Bloomberg reported Monday that although it’s been eight months since S&P cut the French down to size, creditwise, investors have paid little or no attention and instead have been eager to invest in the country’s debt, driving yields down with their enthusiasm.

Standard & Poor’s downgraded France to AA+ from AAA back in January, along with rate cuts to eight other eurozone countries. The ratings agency cited the failure of policymakers to control the debt crisis in Europe and added that some countries’ refinancing costs could stay high.

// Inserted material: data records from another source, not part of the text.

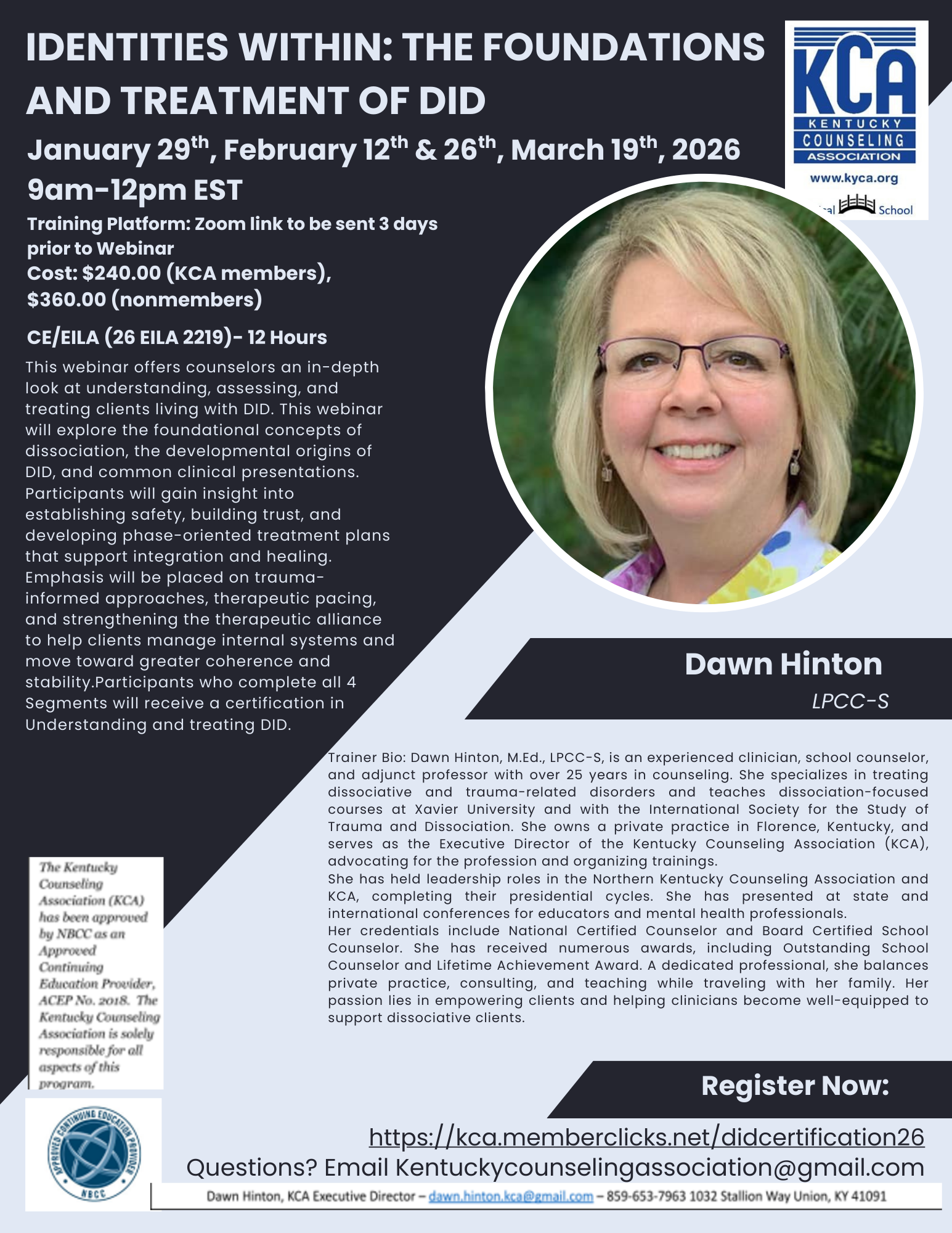 KCA is pleased to host this 12 hour webinar series Identities Within: The Foundations and Treatment of DID with Dawn Hinton. The full certification will be 12 hours, divided into three 4 hour segments on the following dates: January 29th, February 12th & 26th, March 19th, 2026 from 9am-12pm EST.
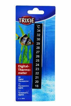 Digitální teploměr 13cm TRIXIE. Akvarijní teploměr se samolepkou zobrazuje teplotu od 18 do 34°C.
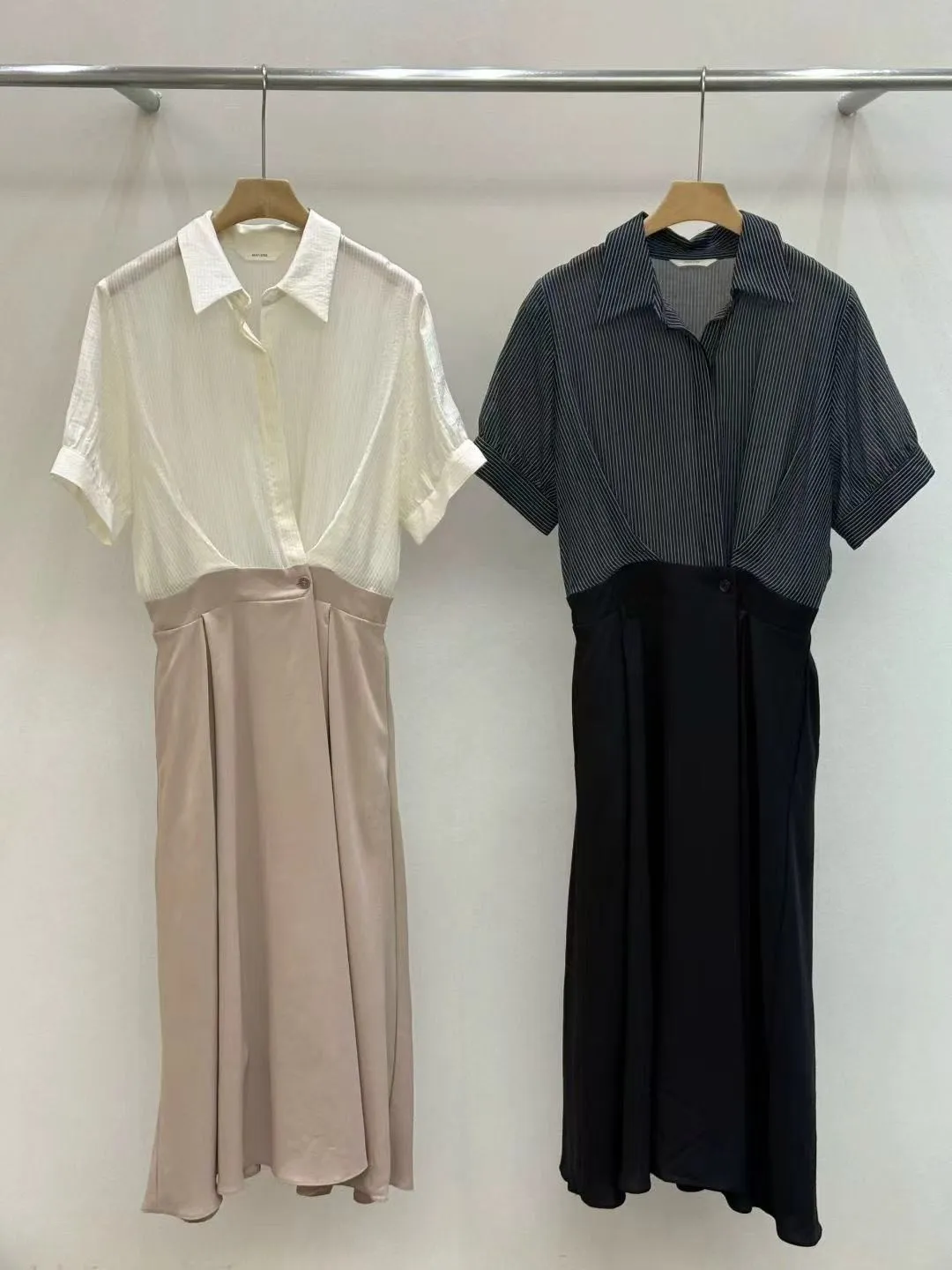 MATIERE IU歐膩家 襯衫拼接傘裙洋裝 上班族必備氣質款
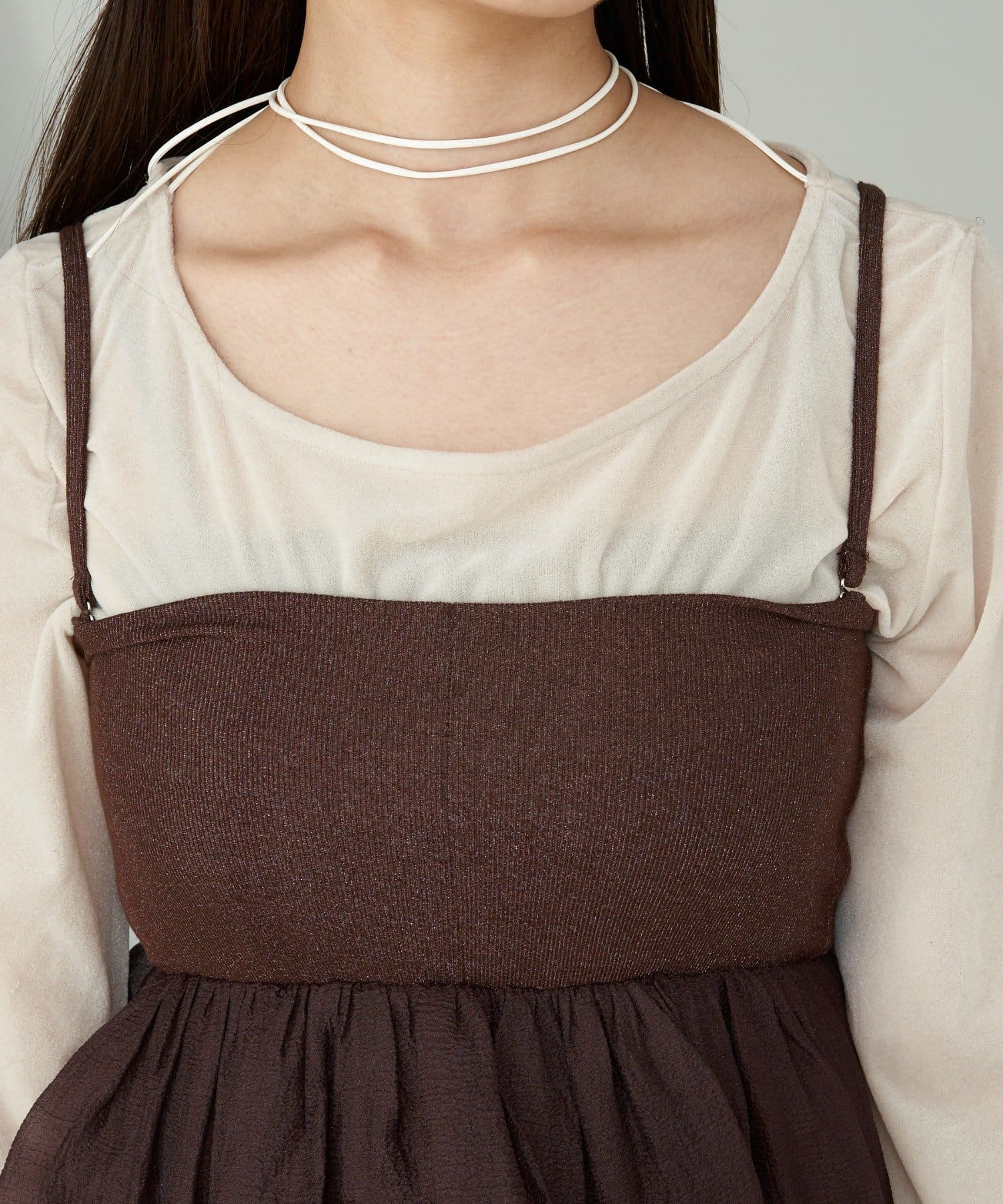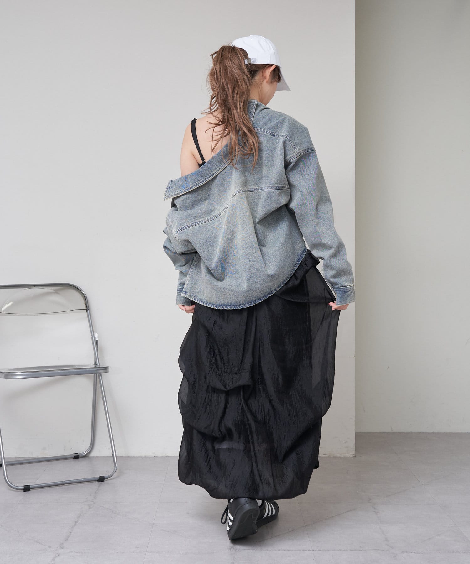 ・シアー素材のインナーやリブニットと合わせて自由自在に着用できます
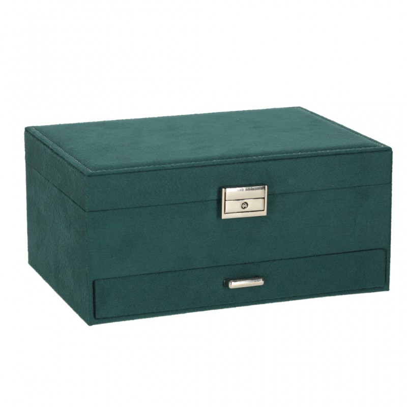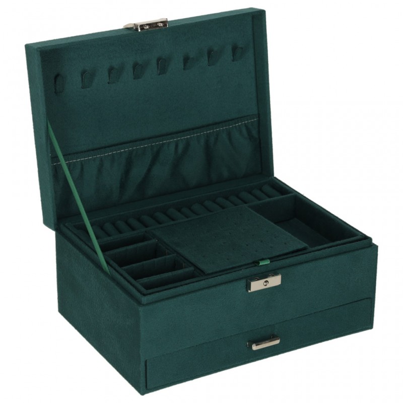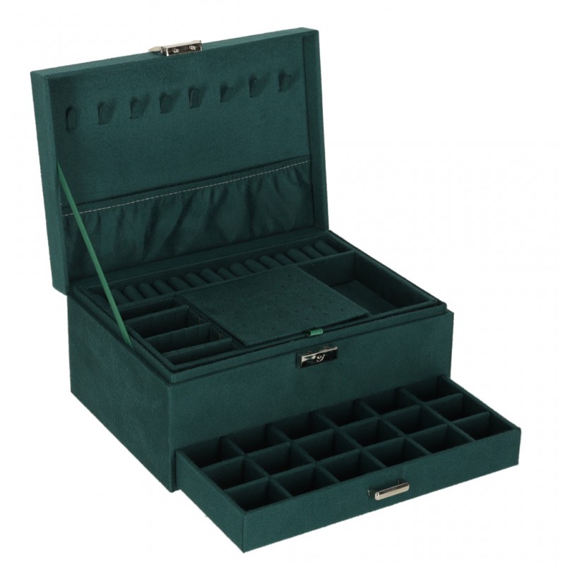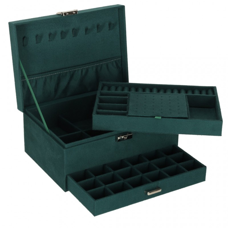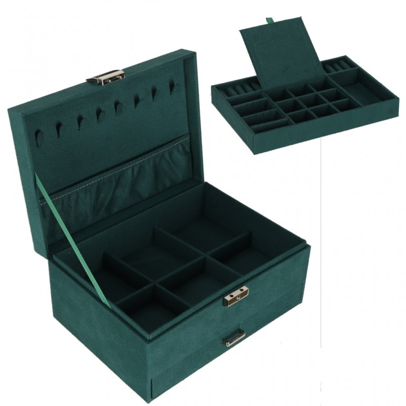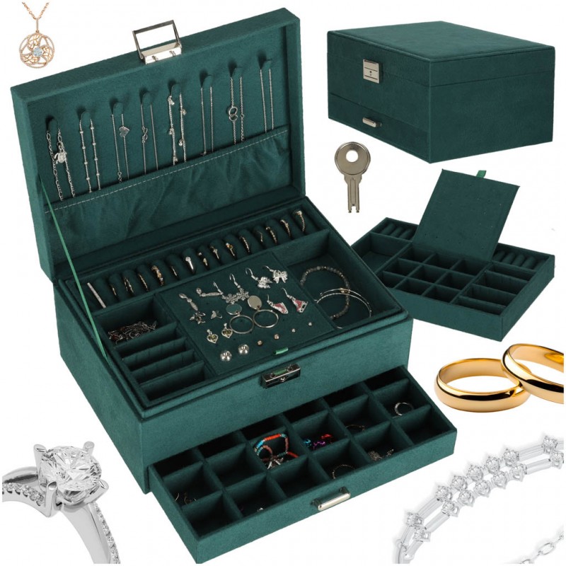 Asiguraţi-vă o depozitare elegantă pentru accesoriile dvs. Organizatorul de bijuterii de un verde intens vă va ajuta să vă păstraţi piesele preferate ordonate şi protejate. Numeroasele compartimente, cârlige şi perforaţii facilitează sortarea inelelor, colierelor şi cerceilor, în timp ce încuietoarea cu cheie asigură discreţia.
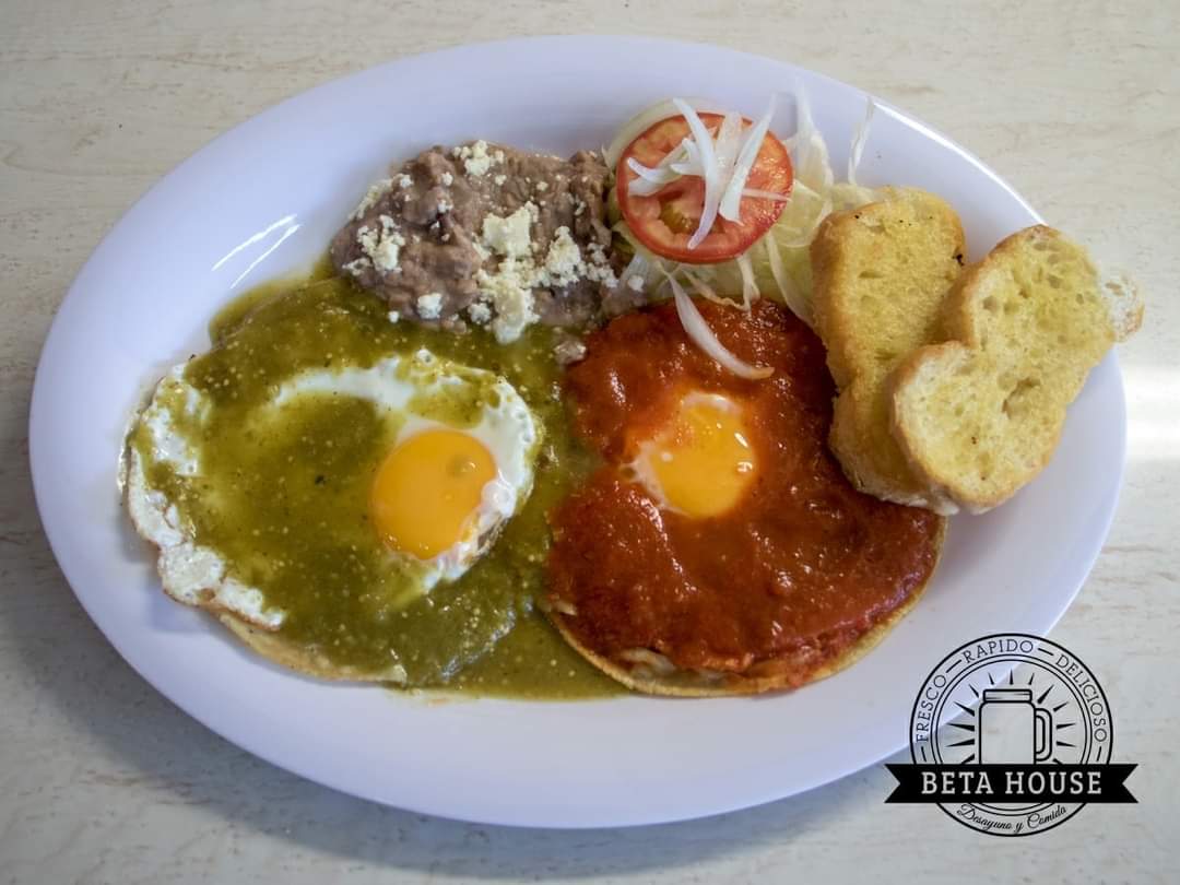 Incluye plato de frutas y una bebida. Porción de chilaquiles verdes o rojos, un huevo estrellado con frijoles, arrachera, ensalada, pan con ajo y una quesadilla grande.
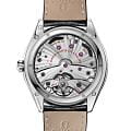 De Ville Trésor — современная интерпретация легендарной коллекции 1949 года, где традиции встречаются с инновациями. 40-мм корпус из нержавеющей стали с бриллиантовым безелемБезельВнешний ободок, закрепляющий стекло. В спортивных часах так называется поворотное кольцо с делениями на циферблате, выполняет роль таймера – замеряет отрезки времени на шкале. Неподвижный безель – элемент декора. Однонаправленно вращающийся безель на дайверских часах позволяет фиксировать моменты погружения и выныривания на поверхность. и черным кожаным ремешком воплощает изысканную простоту. Опалово-серебристый циферблат с волшебным мерцанием украшен стрелками и индексами из белого золота18-каратное золотоОбозначение по каратной системе пробирования, оно показывает, сколько драгоценного металла содержится в изделии. 18 карат - в составе 75% чистого золота, соответствует 750 пробе.
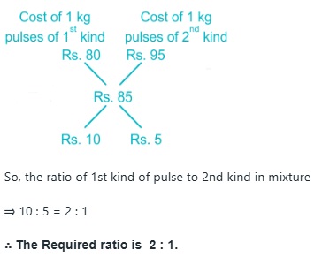 Find the ratio in which pulses at Rs80 per kg can be mixed with pulses at Rs95 per kg to get a mixture worth Rs85 per kg.
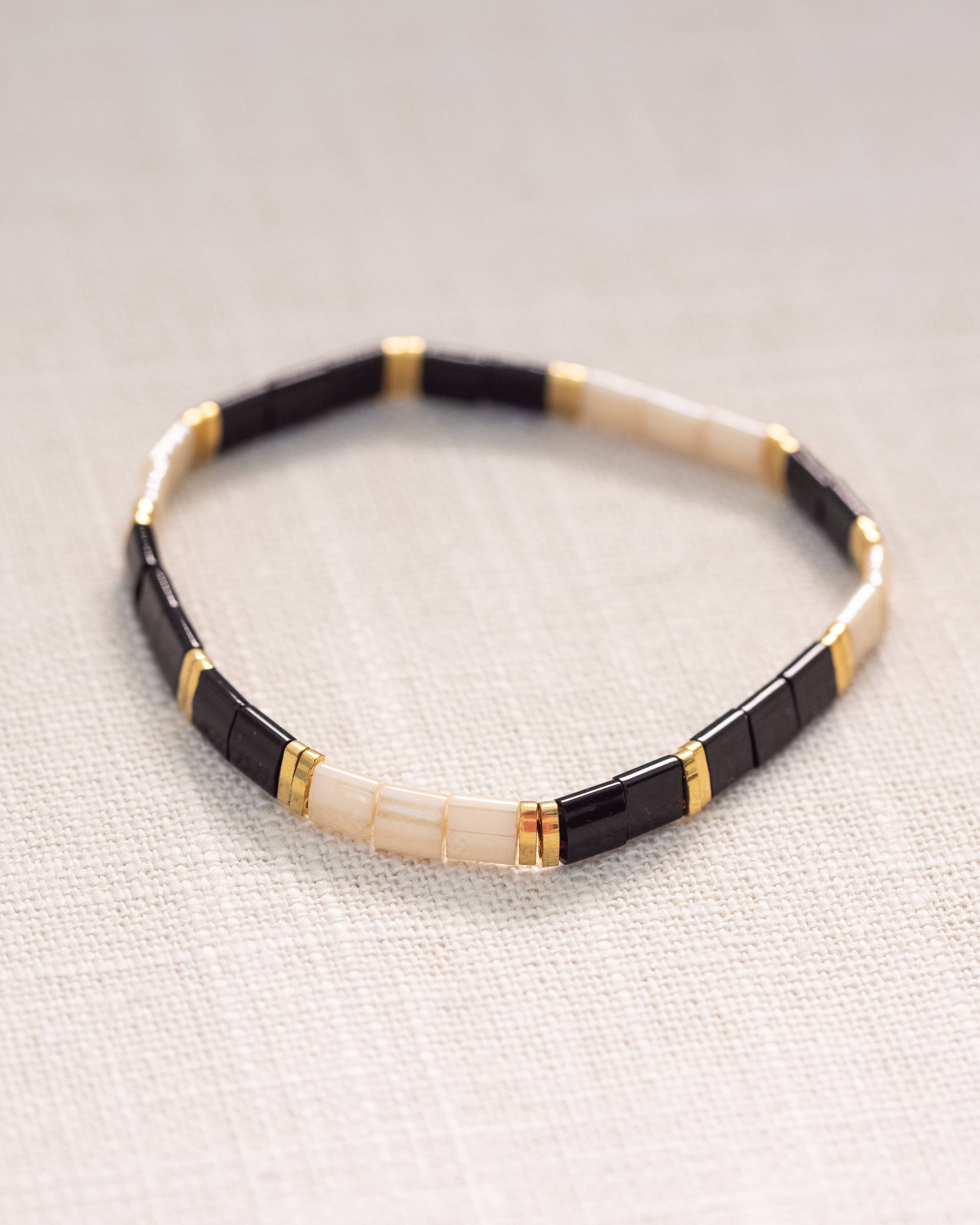 Handcrafted stretch bracelet made with delicate glass colored Tila beads and accented with 24k gold plated Tila beads. 6.5 inches, fits most, fit similar to friendship bracelet or a hair tie, not intended to be a bangle bracelet Designed in sunny Florida, made by artists in the USA.
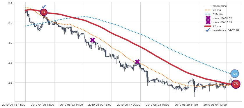04-23 09:30至06-05 10:30 慢线与快线呈空头排列, 慢线与快线接触少,无缠绕
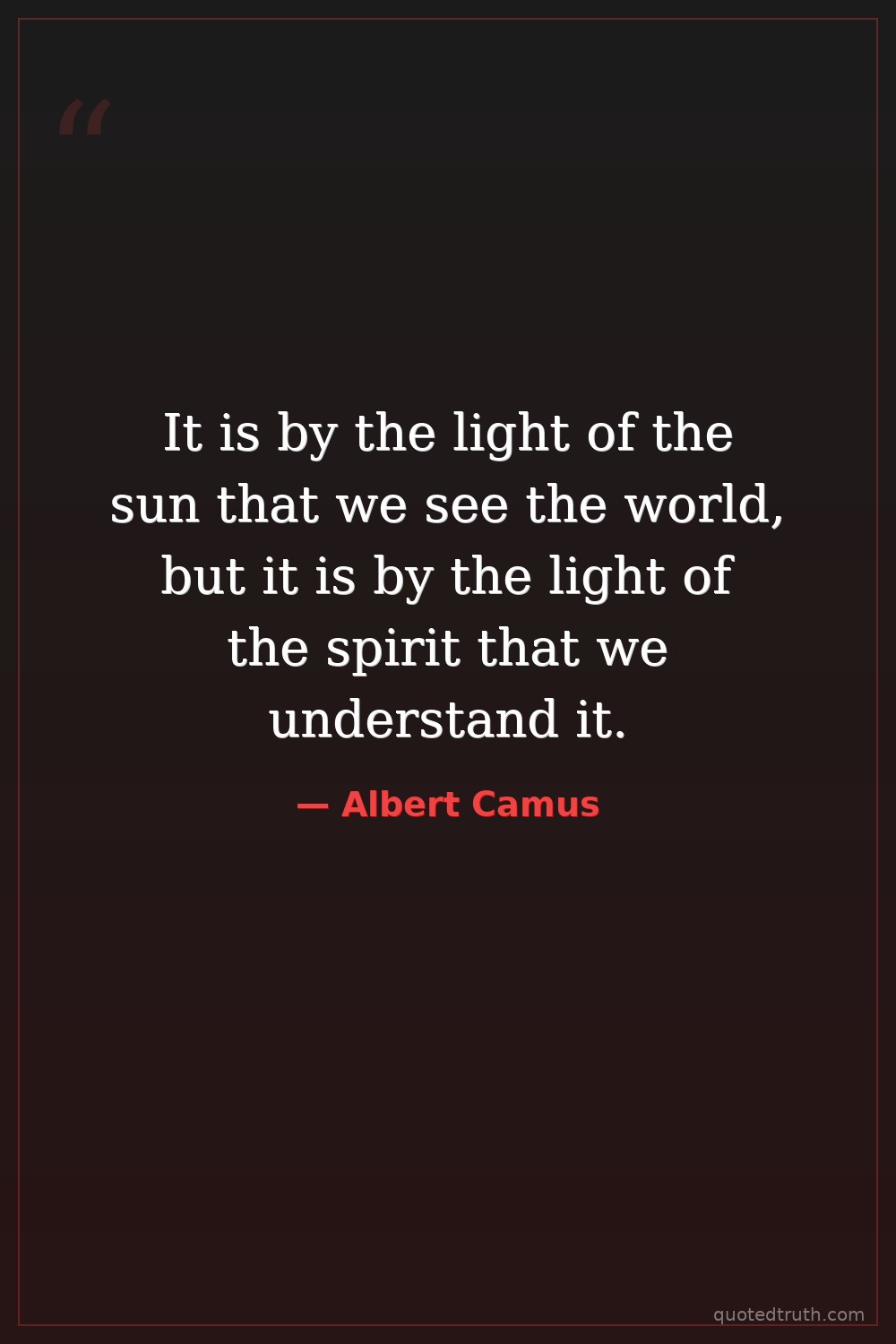 It is by the light of the sun that we see the world, but it is by the light of the spirit that we understand it.

But that has not been the case. France’s yields on 10-year bonds have dropped faster than the yields on either Bunds or Treasuries, and its 1.07 trillion euros ($1.4 trillion) in debt maturing in a year or more has gained 7.4%. That’s more than double the returns for the rest of the global government bond market, and even tops Britain, Germany and Australia.

France isn’t the only one, either. The U.S. lost its AAA credit rating after the budget standoff in 2011, but its borrowing rates instead of soaring have plummeted. Bloomberg data show that government bonds react about half the time in the opposite way to what was expected, rendering such ratings, if not moot, at least questionable.

“Ratings companies are losing credibility,” said Shinji Kunibe in the report. Kunibe, chief portfolio manager for fixed-income investment in Tokyo at Nissay Asset Management Corp., which oversees the equivalent of $66 billion, was quoted saying, “Nations like France that are rated AA are regarded as totally safe.”

President Francois Hollande isn’t resting on his laurels, however. He said in the report, “The state borrows on the market at rates that are historically low. I’m proud that France is among countries that has the capacity to borrow at such low rates, but we can’t just bank on this situation.” The cost of France’s debt service, nonetheless, has fallen; this year such payments will total 47.4 billion euros, instead of the estimate made by the Finance Ministry in September of last year that they would reach 48.8 billion euros.